Pope and patriarch issue deep call for unity, saying humanity depends on it

Pope Francis and Russian Orthodox Patriarch Kirill of Moscow sign a joint declaration during a meeting at Jose Marti International Airport in Havana Feb. 12. (CNS/Paul Haring)
This article appears in the Francis in Mexico feature series. View the full series.

HAVANA, CUBA — Russian Orthodox Patriarch Kirill and Roman Catholic Pope Francis have issued a deep and thorough call for reconciliation and unity amongst their two traditions, saying that the seemingly desperate state of the world requires their communities to be signs of the possibility of harmony.

In a joint statement issued after their historic first encounter on this island nation Friday, the two leaders cry out: "We are not competitors but brothers, and this concept must guide all our mutual actions as well as those directed to the outside world."

"We urge Catholics and Orthodox in all countries to learn to live together in peace and love, and to be 'in harmony with one another,'" they continue.

Later, the pope and patriarch state bluntly that the world is in need of their combined testimony to the way of the Gospel.

"This world, in which the spiritual pillars of human existence are progressively disappearing, awaits from us a compelling Christian witness in all spheres of personal and social life," state the leaders. "Much of the future of humanity will depend on our capacity to give shared witness to the Spirit of truth in these difficult times."

Francis and Kirill issued the statement Friday after concluding nearly 135 minutes of discussions in the first such meeting between a pope and a Russian patriarch after centuries of separation.

Speaking in brief remarks aboard the papal plane upon leaving Havana, the pontiff said those discussions were tantamount to "a conversation of brothers" where each "spoke with frankness" about their worries and concerns.

It was a conversation of "two bishops who spoke of the situations of their churches and the situation of the world, of the wars," said Francis.

"I spoke freely and he spoke freely," said the pope. "I felt an interior joy."

But Francis also appeared to downplay some of the more strongly worded sections of the new joint statement, saying: "It is not a political declaration ... it is a pastoral declaration."

"It is pastoral," he said. "Two bishops that have met as pastors."

In fact, the 30-paragraph statement delves into several controversial political issues, including: the continuing violence in Ukraine; persecution of Christians in the Middle East; issues of marriage and family life; and the practices of abortion and euthanasia.

Writing on the violence in Ukraine -- where the Russian Orthodox have been accused of being too supportive of the Russian government's annexation of Crimea -- the declaration states: "We deplore the hostility in Ukraine that has already caused many victims, inflicted innumerable wounds on peaceful inhabitants and thrown society into a deep economic and humanitarian crisis."

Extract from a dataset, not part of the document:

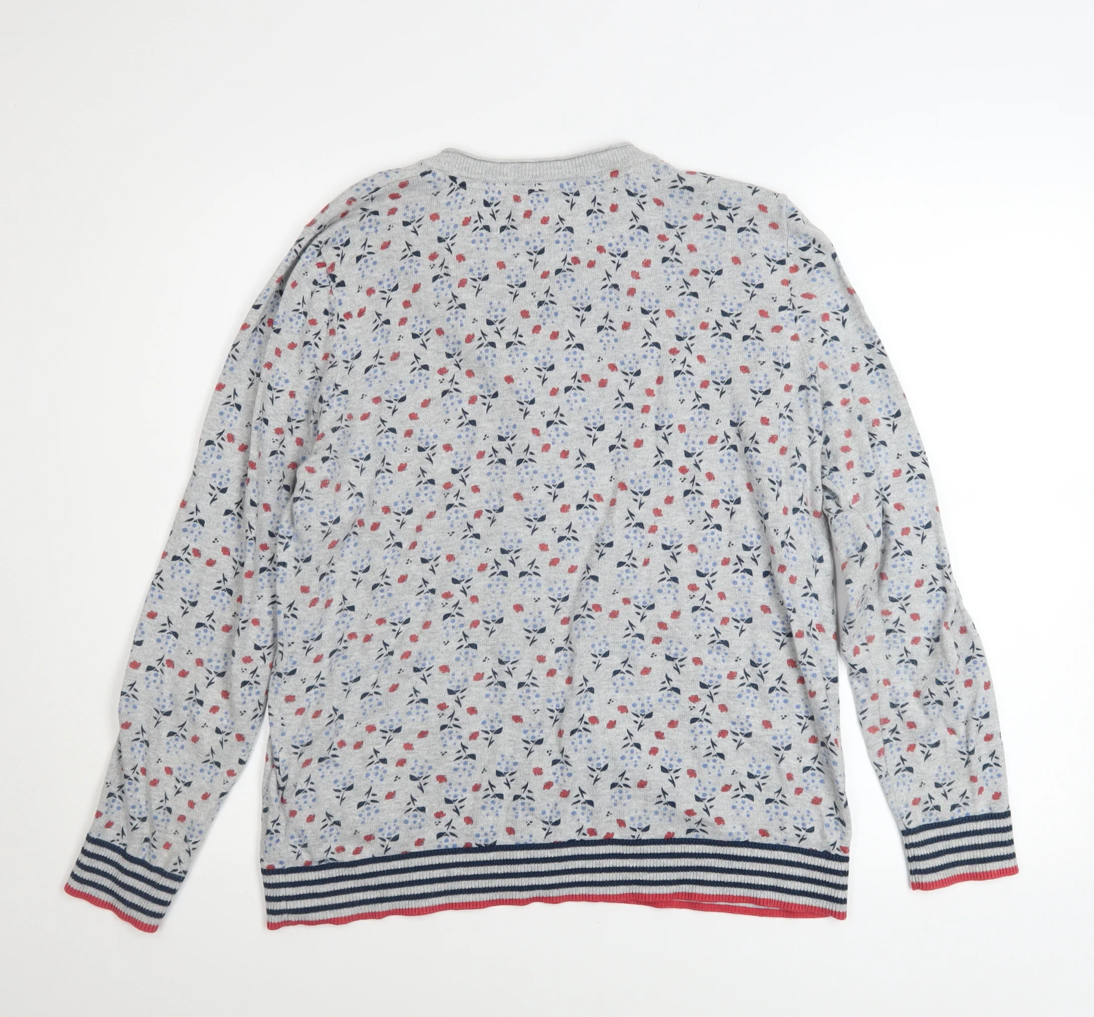 Add a touch of comfortable charm to your wardrobe with this Mantaray Women’s Grey Floral Cardigan. Crafted from 100% cotton, this lightweight knit offers an easy, breathable feel that’s ideal for layering through spring and autumn. The design features a subtle all-over floral print in soft shades of navy, red, and pale blue, giving it a fresh, cheerful appearance perfect for casual days or relaxed evenings. A crew neckline and button front closure complete the classic cardigan silhouette, while striped trims on the hem and cuffs introduce a playful nautical twist reflecting Mantaray’s signature seaside-inspired style. This cardigan comes in a UK size 16 and offers a regular, comfortable fit suitable for layering over tees, blouses, or dresses. The cotton fabric ensures comfort and easy care — machine washable and designed for everyday wear. The piece is finished with red contrast piping along the front placket for a subtle pop of colour, enhancing its unique design appeal. A dependable classic, this knit combines softness, breathability, and charm, making it an easy choice for women seeking effortless, laid-back fashion. The condition of this garment is excellent, showing only light signs of previous wear with no visible stains, holes, or damage, maintaining its high-quality look and integrity. Perfect for casual occasions, day outings, or layering in transitional weather, it can easily complement jeans, skirts, or chinos for an effortlessly stylish outfit. This Mantaray cardigan provides both comfort and personality, staying true to the brand’s relaxed, nature-inspired aesthetic. A versatile piece to wear across seasons, it’s a must-have addition for anyone who values classic comfort with a feminine twist.

"We invite all the parts involved in the conflict to prudence, to social solidarity and to action aimed at constructing peace," it continues.

On marriage and family life issues, the statement praises marriage but also expresses somewhat obscure concerns about current marriage practices.

"We regret that other forms of cohabitation have been placed on the same level as this union, while the concept, consecrated in the biblical tradition, of paternity and maternity as the distinct vocation of man and woman in marriage is being banished from the public conscience," it states.

On abortion, the statement is quite clear. "We call on all to respect the inalienable right to life," it states. "Millions are denied the very right to be born into the world. The blood of the unborn cries out to God."

The statement devotes six paragraphs to the persecution of Christians in the Middle East, calling on the international community "to act urgently" to prevent even more Christians from fleeing the region.

It also mentions the violence in Iraq and Syria, and strongly denounces terrorism and the use of religion to justify violence.

"Attempts to justify criminal acts with religious slogans are altogether unacceptable," states the declaration. "No crime may be committed in God's name."

At the beginning of their declaration, the Christian leaders write that they hope their meeting may be an example to the world.

"In a world which yearns not only for our words but also for tangible gestures, may this meeting be a sign of hope for all people of goodwill!"

Speaking of the changes facing humanity, Francis and Kirill write: "Human civilization has entered into a period of epochal change."

"Our Christian conscience and our pastoral responsibility compel us not to remain passive in the face of challenges requiring a shared response," they state.